Coming at the question from a fire protection perspective, there is always a push-pull between affordability (a quality of life issue) and fire safety. Long term trends in US fire departments are toward fewer emergency response resources and less emphasis on code enforcement—building and fire codes are still there, just not the knowledgeable and experienced personnel to enforce them. The most recent data indicates fewer overall fires in US cities, but a greater number of more serious fires resulting in injury or fatality.
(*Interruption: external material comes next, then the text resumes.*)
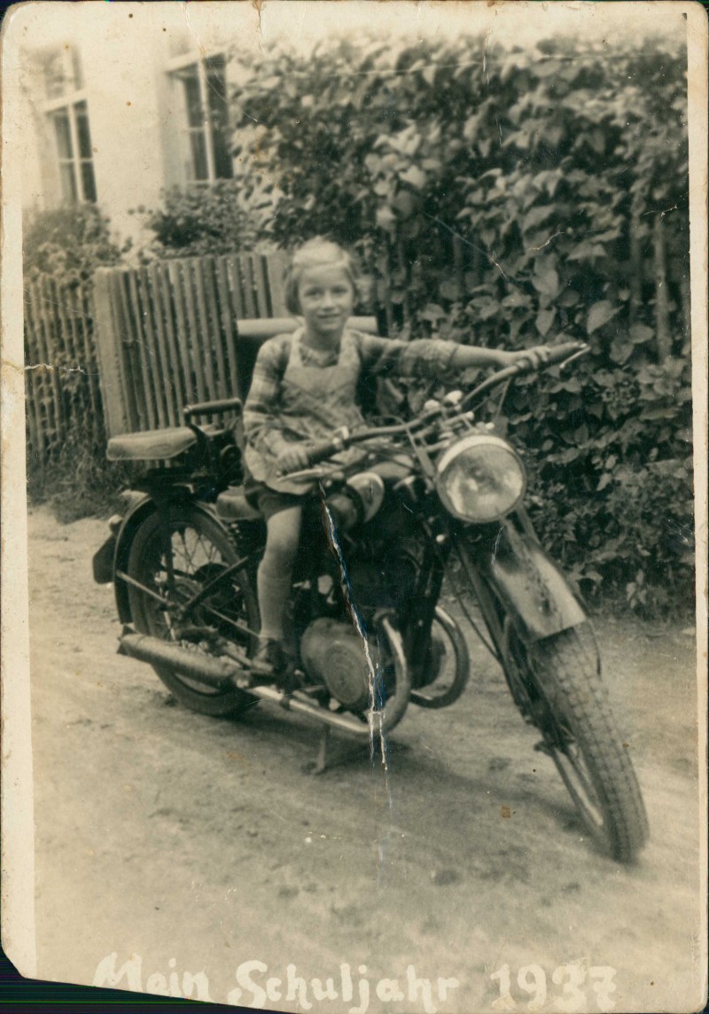 - Mädchen auf Motorrad Schuljahr

These fires are overwhelmingly occurring in private dwellings, so to me resilience means 1) teaching safe behaviors in the home, 2) providing active fire protection systems in one and two family dwellings, 3) maintaining fire and building code enforcement even in the face of a recession, and 4) finding ways to accomplish these goals while seeking balance with the very well funded and organized builders lobby who are successful in suppressing more modern and cost effective fire prevention measures in new construction due to misconceptions about cost and maintenance.

Dickson Despommier
I just finished my 6th year of teaching a course at Fordham University in NYC called Ecology for Designers. The theme of this year’s course was to design a new city. We decided that every building in the urban environment should:
Sequester carbon employing CLT (engineered wood) as building material
Harvest rainwater
Produce food via vertical farming technologies
Generate energy using clear photovoltaics.

NYC has replaced over 80% of its building over the last 100 years. If this trend continues, and if every new building has the above listed characteristics, then in a city could become independent of the natural landscape for many of its essential needs. It took us 10,000 years of agriculture to cut by 50% earth’s ability to sequester carbon. Lets create a new way to live that allows the trees to grow back and re-set the carbon cycle to where it should be. All we need is another 3 trillion trees to make it happen!

My takeaway from this is that the objectives are all commendable, but there might be a perception of mutual exclusivity among some of them. Firstly, housing affordability is a salient and unarguable issue worldwide. But when we also say that we want houses to be more resilient and durable, issues of cost cannot help but come back into play. I can tell the group both as a fire inspector and fire investigator that using substandard materials, incorrect assembly of materials, and improper use of materials are all factors in the home fire issue in the US. Safe materials cost more, and correct assembly by trained builders also costs more. Also, Item #2, faster than usual construction times also impacts resilience and durability. Often lags in construction are built in so that safety and code compliance can be verified. For example, utilities cannot be installed until framing passes an inspection, wall coverings and finish cannot be installed until plumbing and electrical pass inspection, etc. So while we’re considering that new building materials and methods will have to be created, from that safety perspective—and from a government perspective—the permitting, plans review and code compliance processes will have to change and become more agile in order to keep pace with new construction. If those changes do not occur, expanding cities run the risk of shoddy, improper, unsafe construction for the sake of meeting arbitrary deadlines, and we won’t have solved the core problem at all. In the latest issue of NFPA Journal, the National Fire Protection Association has an excellent introductory article about 3D printed buildings and some problems we’re running into from a regulatory and safety perspective.